### Data under study
-*-*-

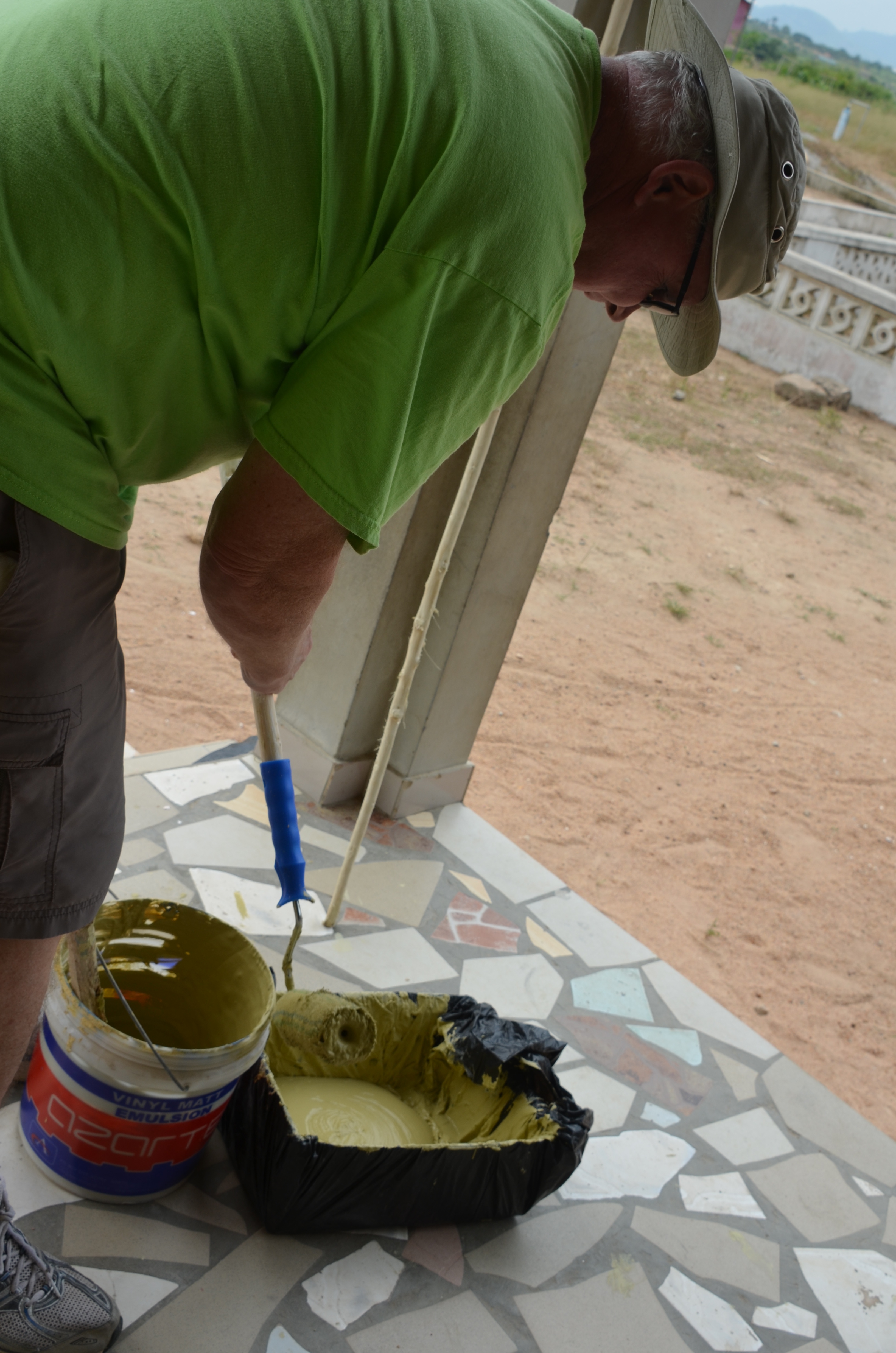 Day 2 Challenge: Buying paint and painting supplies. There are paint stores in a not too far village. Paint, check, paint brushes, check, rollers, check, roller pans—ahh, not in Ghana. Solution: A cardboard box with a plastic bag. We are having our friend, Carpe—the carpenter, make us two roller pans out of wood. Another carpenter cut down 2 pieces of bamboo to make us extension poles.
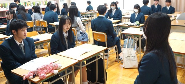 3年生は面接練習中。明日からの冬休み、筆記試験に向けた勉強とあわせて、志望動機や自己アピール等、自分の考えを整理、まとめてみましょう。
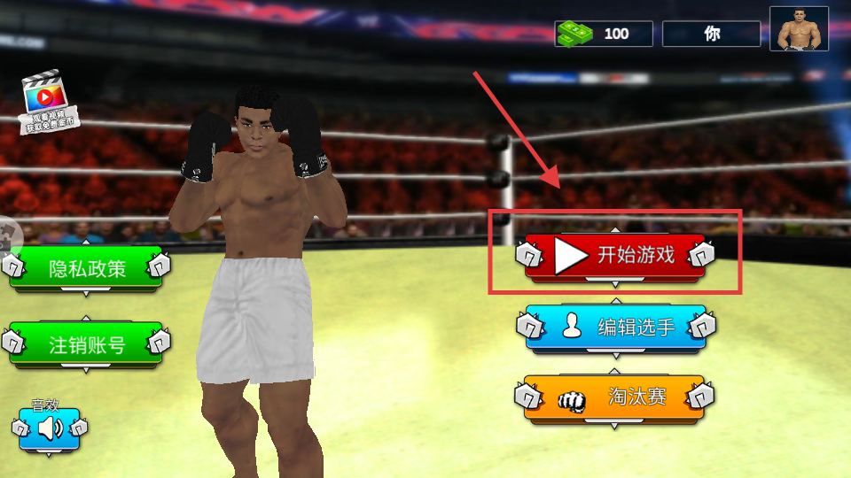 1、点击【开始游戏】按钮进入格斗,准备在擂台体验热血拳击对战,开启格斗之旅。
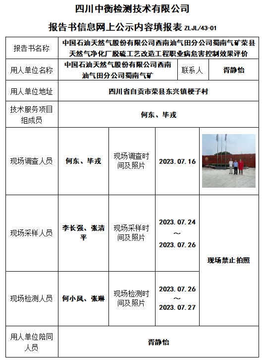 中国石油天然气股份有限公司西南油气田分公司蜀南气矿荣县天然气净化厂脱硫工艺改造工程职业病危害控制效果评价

-*-*-

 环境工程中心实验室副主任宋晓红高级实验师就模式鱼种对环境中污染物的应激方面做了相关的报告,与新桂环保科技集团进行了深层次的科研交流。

-*-*-

### Instructions to follow
Look above for the line with "Day 2 Challenge: Buying" and the line with "中国石油天然气股份有限公司西". Give again exactly those two lines and all lines between them, pictures excluded.

### Written response
 Day 2 Challenge: Buying paint and painting supplies. There are paint stores in a not too far village. Paint, check, paint brushes, check, rollers, check, roller pans—ahh, not in Ghana. Solution: A cardboard box with a plastic bag. We are having our friend, Carpe—the carpenter, make us two roller pans out of wood. Another carpenter cut down 2 pieces of bamboo to make us extension poles.
 3年生は面接練習中。明日からの冬休み、筆記試験に向けた勉強とあわせて、志望動機や自己アピール等、自分の考えを整理、まとめてみましょう。
 1、点击【开始游戏】按钮进入格斗,准备在擂台体验热血拳击对战,开启格斗之旅。
 中国石油天然气股份有限公司西南油气田分公司蜀南气矿荣县天然气净化厂脱硫工艺改造工程职业病危害控制效果评价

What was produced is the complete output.